This will require more staff to get involved in data capture, data preparation, running experiments using algorithms, data visualisation and presenting results.
As such, new data orientated jobs based on creating and training data models will emerge, disrupting some of the existing specialist fields such as health care, accountancy and law. AI, Internet of things (IoT) and robotics will also replace some existing blue and white collar jobs so we will need to think about training and upskilling people to the changing landscape, and possibly introduce some kind of universal basic income.
You can draw parallels with the shift seen during the industrial revolution from the agrarian or pre-industrial times.
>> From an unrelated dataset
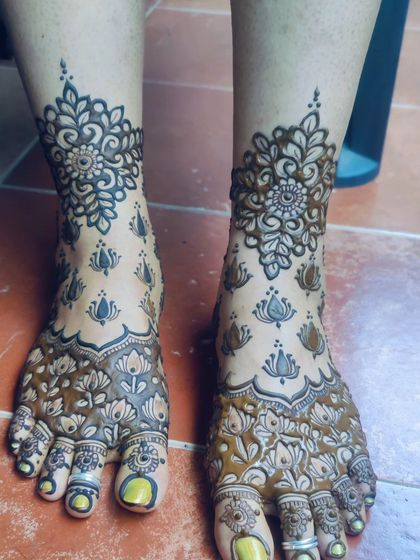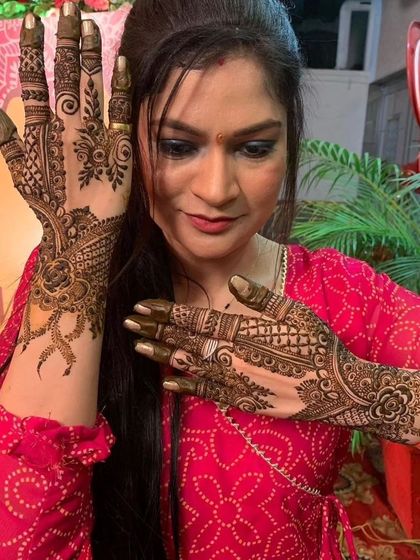 Hey, I'm Anam. Mehendi is my forever wala pyaar (true love). It’s not just kaam (work) for me, it’s my art! I started with family - even my sister-in-law’s a mehendi artist, toh family ka hi chakkar hai (so it runs in the family). I make my own organic mehendi, that smell and deep stain after 2-3 days, uff, best feeling! I travel anywhere in Bangalore and Mysore for your special moments.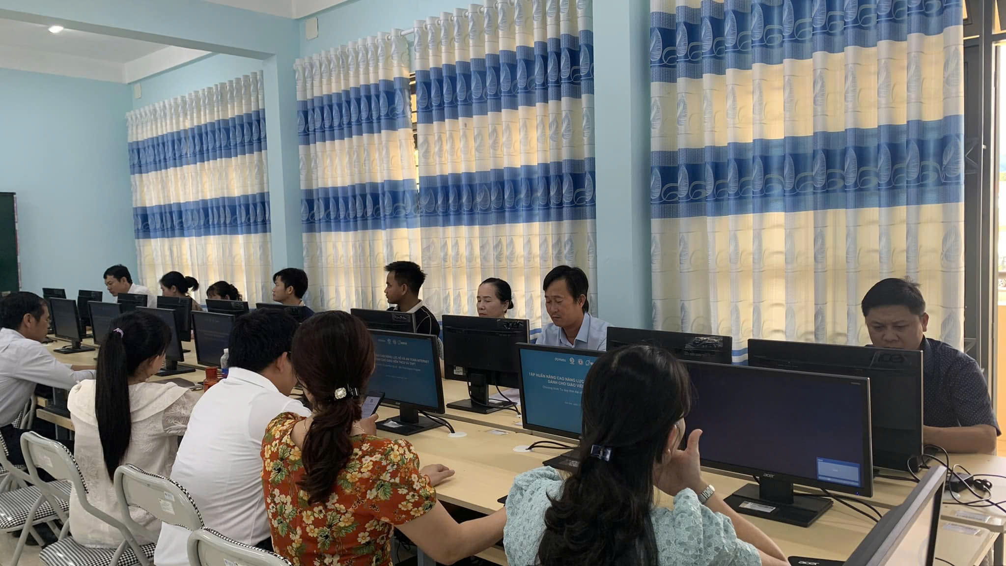 Hình ảnh toàn thể giáo viên trong nhà trường tham gia tập huấn

For AI to take off, we need two things to happen: the cost of human workers becomes higher than the AI alternative, and for AI to be deployed in a scalable way.
In the much the longer term, quantum computing will also disrupt the field again in terms of how we process, analyse and store data, and will transform areas like cyber security, banking and existing AI.
How to inspire people to pursue careers in data science
I think it’s a lot easier to get people interested in big data and data science than it used to be, thanks to the likes of Google and Facebook that make it fashionable to be smart and work within technology.
In addition, the growing number of young and flexible startup companies with infrastructures in the public cloud are successfully competing and winning market shares from large established companies. Employers need to be willing to educate and upskill existing staff or graduates rather than solely recruit people with existing data engineering or data science skills.
For inspiring existing staff, we need to show the benefits, use cases and data sources most relevant to them, which makes them more productive and their jobs easier. With more data exploration tools available, staff in other departments outside IT or finance, such as customer support, marketing and product managers will be self-serving on the data and insights.
For people who have not worked in industry, I think we need to start early in schools and then universities. Teachers and lecturers in non-computer science subjects could make data more visual and interactive in their respective fields.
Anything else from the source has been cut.